Excerpts from a dataset:
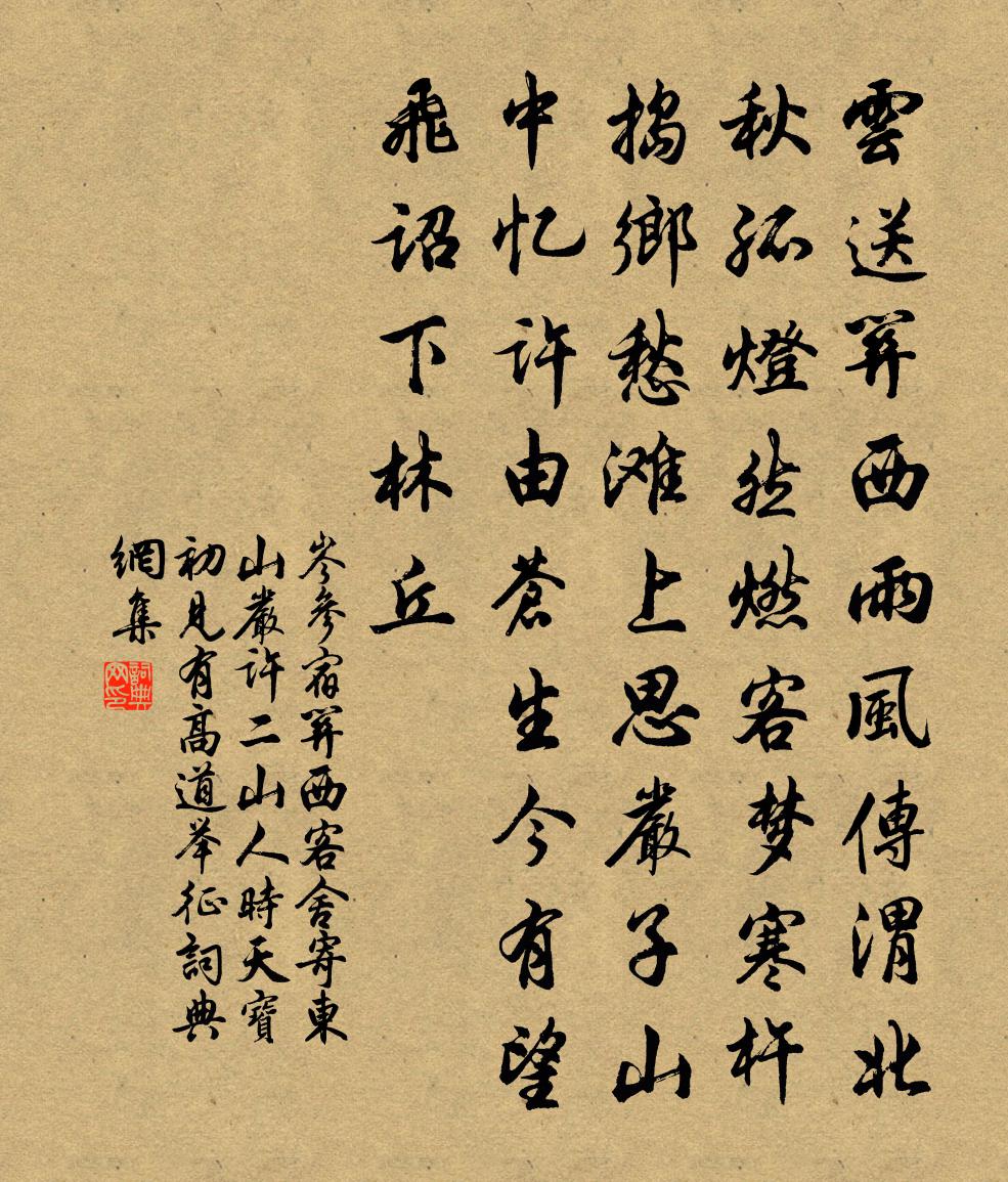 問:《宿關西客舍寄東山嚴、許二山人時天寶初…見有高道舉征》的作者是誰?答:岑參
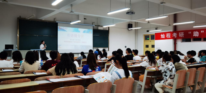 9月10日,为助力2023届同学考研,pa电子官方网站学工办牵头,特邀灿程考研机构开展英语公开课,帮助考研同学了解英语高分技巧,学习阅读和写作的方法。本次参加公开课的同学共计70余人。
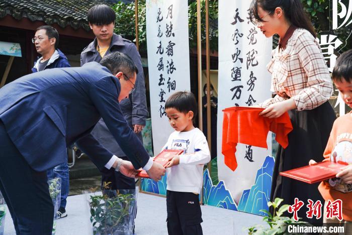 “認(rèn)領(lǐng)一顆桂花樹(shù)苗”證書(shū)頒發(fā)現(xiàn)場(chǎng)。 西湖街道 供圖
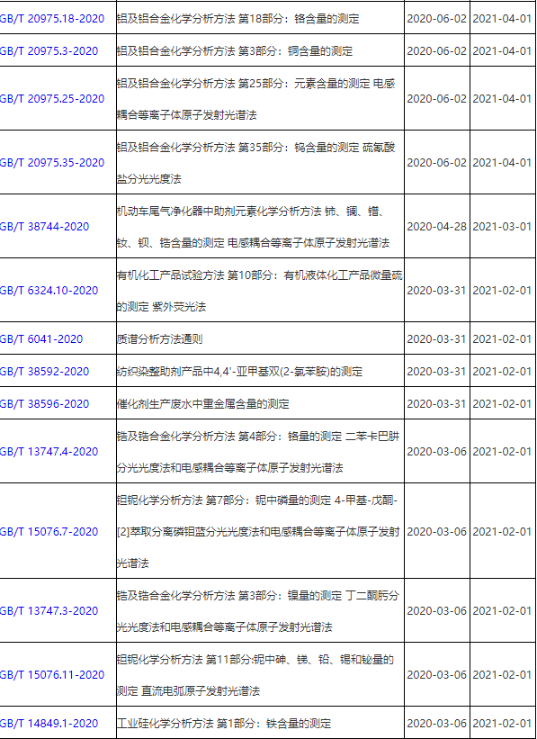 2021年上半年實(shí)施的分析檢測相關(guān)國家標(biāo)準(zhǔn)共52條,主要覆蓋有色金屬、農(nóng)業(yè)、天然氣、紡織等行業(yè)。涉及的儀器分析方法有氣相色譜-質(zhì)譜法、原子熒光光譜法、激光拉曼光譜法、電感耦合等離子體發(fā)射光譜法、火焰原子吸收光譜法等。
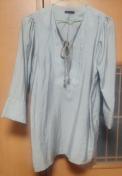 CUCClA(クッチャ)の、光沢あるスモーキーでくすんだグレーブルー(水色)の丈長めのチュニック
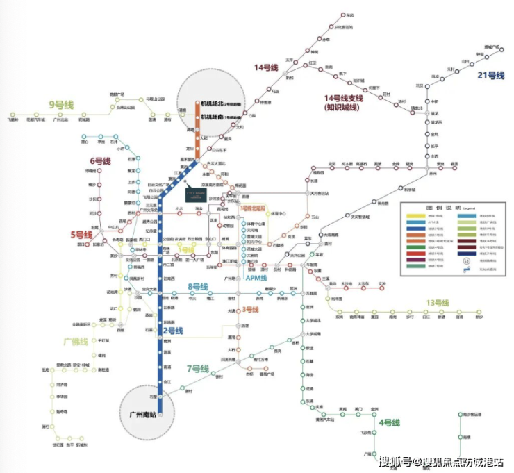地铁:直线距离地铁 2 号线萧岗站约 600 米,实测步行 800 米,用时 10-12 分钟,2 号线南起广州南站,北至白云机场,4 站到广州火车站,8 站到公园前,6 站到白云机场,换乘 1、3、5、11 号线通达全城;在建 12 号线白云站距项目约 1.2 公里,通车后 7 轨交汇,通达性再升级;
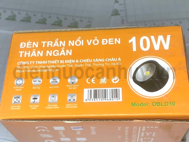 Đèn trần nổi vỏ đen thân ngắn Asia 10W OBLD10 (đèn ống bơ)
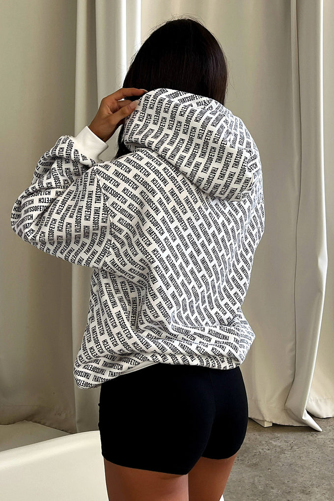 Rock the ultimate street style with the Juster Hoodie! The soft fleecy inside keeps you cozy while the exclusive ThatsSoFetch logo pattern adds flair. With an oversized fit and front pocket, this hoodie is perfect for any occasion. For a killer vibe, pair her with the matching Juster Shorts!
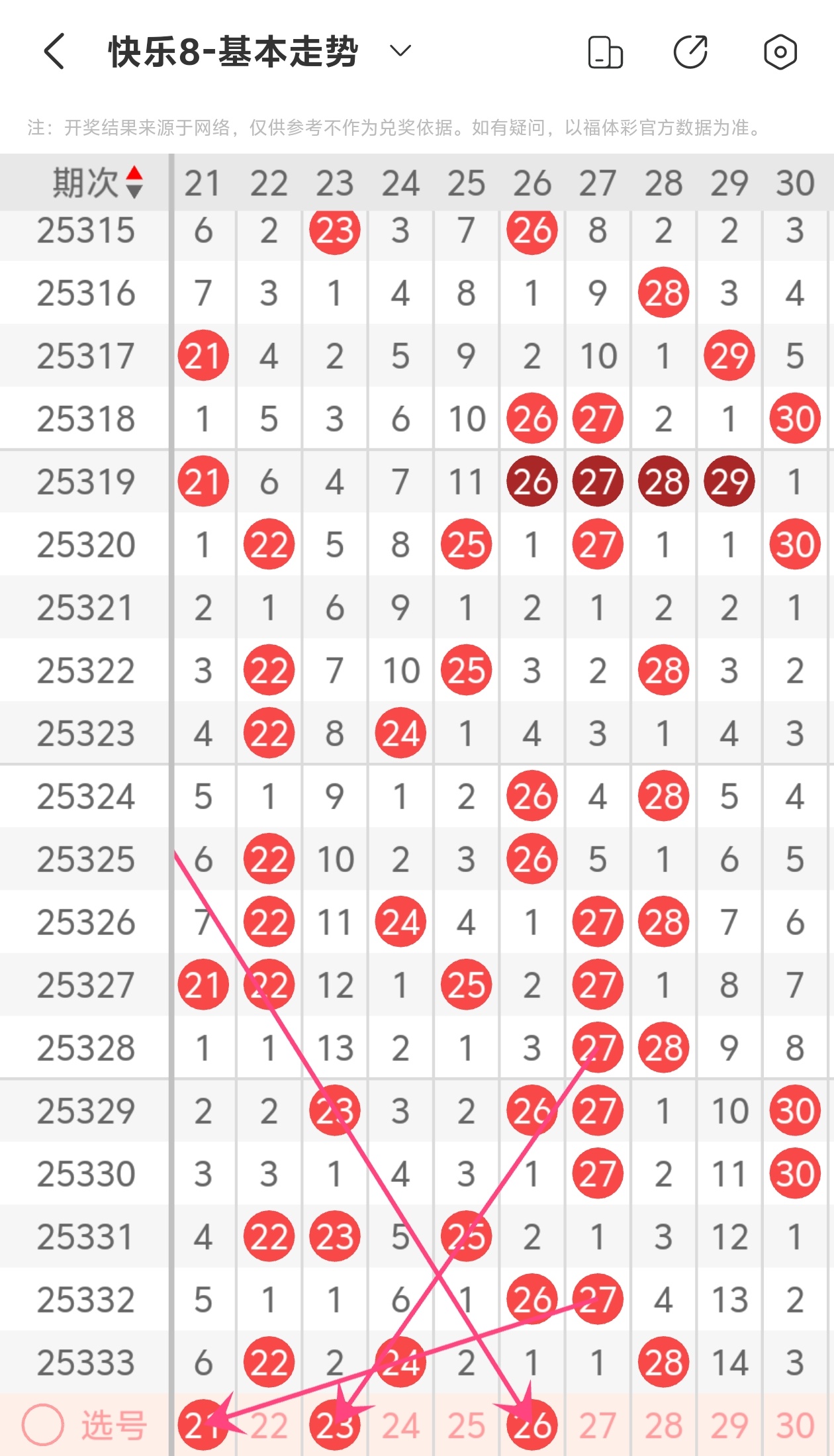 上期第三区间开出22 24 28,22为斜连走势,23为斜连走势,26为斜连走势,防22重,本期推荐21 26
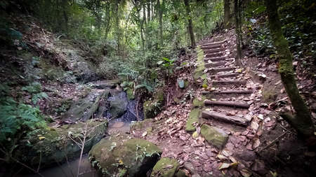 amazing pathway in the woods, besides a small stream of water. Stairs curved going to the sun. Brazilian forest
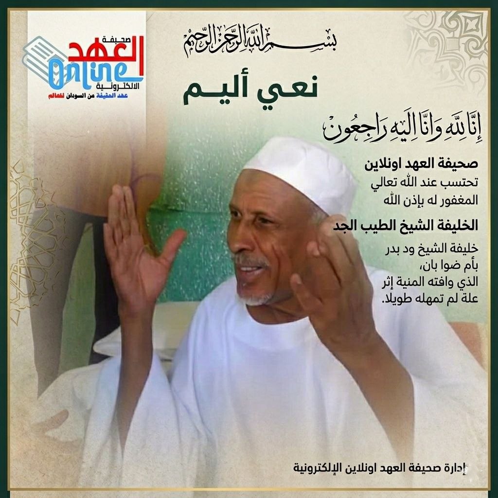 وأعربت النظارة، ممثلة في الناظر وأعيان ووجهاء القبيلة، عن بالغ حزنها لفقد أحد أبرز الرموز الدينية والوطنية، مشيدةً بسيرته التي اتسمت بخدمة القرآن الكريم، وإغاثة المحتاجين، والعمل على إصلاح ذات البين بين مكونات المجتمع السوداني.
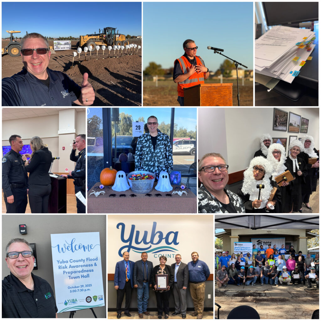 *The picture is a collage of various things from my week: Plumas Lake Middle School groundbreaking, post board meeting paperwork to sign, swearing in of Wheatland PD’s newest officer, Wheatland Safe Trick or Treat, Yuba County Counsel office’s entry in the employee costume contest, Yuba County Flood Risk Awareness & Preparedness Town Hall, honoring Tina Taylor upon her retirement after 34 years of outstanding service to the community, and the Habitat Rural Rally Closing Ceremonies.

Work item ->
Your answer must be the records above, copied exactly, with no pictures.

Written solution ->
 問:《宿關西客舍寄東山嚴、許二山人時天寶初…見有高道舉征》的作者是誰?答:岑參
 9月10日,为助力2023届同学考研,pa电子官方网站学工办牵头,特邀灿程考研机构开展英语公开课,帮助考研同学了解英语高分技巧,学习阅读和写作的方法。本次参加公开课的同学共计70余人。
 “認(rèn)領(lǐng)一顆桂花樹(shù)苗”證書(shū)頒發(fā)現(xiàn)場(chǎng)。 西湖街道 供圖
 2021年上半年實(shí)施的分析檢測相關(guān)國家標(biāo)準(zhǔn)共52條,主要覆蓋有色金屬、農(nóng)業(yè)、天然氣、紡織等行業(yè)。涉及的儀器分析方法有氣相色譜-質(zhì)譜法、原子熒光光譜法、激光拉曼光譜法、電感耦合等離子體發(fā)射光譜法、火焰原子吸收光譜法等。
 CUCClA(クッチャ)の、光沢あるスモーキーでくすんだグレーブルー(水色)の丈長めのチュニック
地铁:直线距离地铁 2 号线萧岗站约 600 米,实测步行 800 米,用时 10-12 分钟,2 号线南起广州南站,北至白云机场,4 站到广州火车站,8 站到公园前,6 站到白云机场,换乘 1、3、5、11 号线通达全城;在建 12 号线白云站距项目约 1.2 公里,通车后 7 轨交汇,通达性再升级;
 Đèn trần nổi vỏ đen thân ngắn Asia 10W OBLD10 (đèn ống bơ)
 Rock the ultimate street style with the Juster Hoodie! The soft fleecy inside keeps you cozy while the exclusive ThatsSoFetch logo pattern adds flair. With an oversized fit and front pocket, this hoodie is perfect for any occasion. For a killer vibe, pair her with the matching Juster Shorts!
 上期第三区间开出22 24 28,22为斜连走势,23为斜连走势,26为斜连走势,防22重,本期推荐21 26
 amazing pathway in the woods, besides a small stream of water. Stairs curved going to the sun. Brazilian forest
 وأعربت النظارة، ممثلة في الناظر وأعيان ووجهاء القبيلة، عن بالغ حزنها لفقد أحد أبرز الرموز الدينية والوطنية، مشيدةً بسيرته التي اتسمت بخدمة القرآن الكريم، وإغاثة المحتاجين، والعمل على إصلاح ذات البين بين مكونات المجتمع السوداني.
 *The picture is a collage of various things from my week: Plumas Lake Middle School groundbreaking, post board meeting paperwork to sign, swearing in of Wheatland PD’s newest officer, Wheatland Safe Trick or Treat, Yuba County Counsel office’s entry in the employee costume contest, Yuba County Flood Risk Awareness & Preparedness Town Hall, honoring Tina Taylor upon her retirement after 34 years of outstanding service to the community, and the Habitat Rural Rally Closing Ceremonies.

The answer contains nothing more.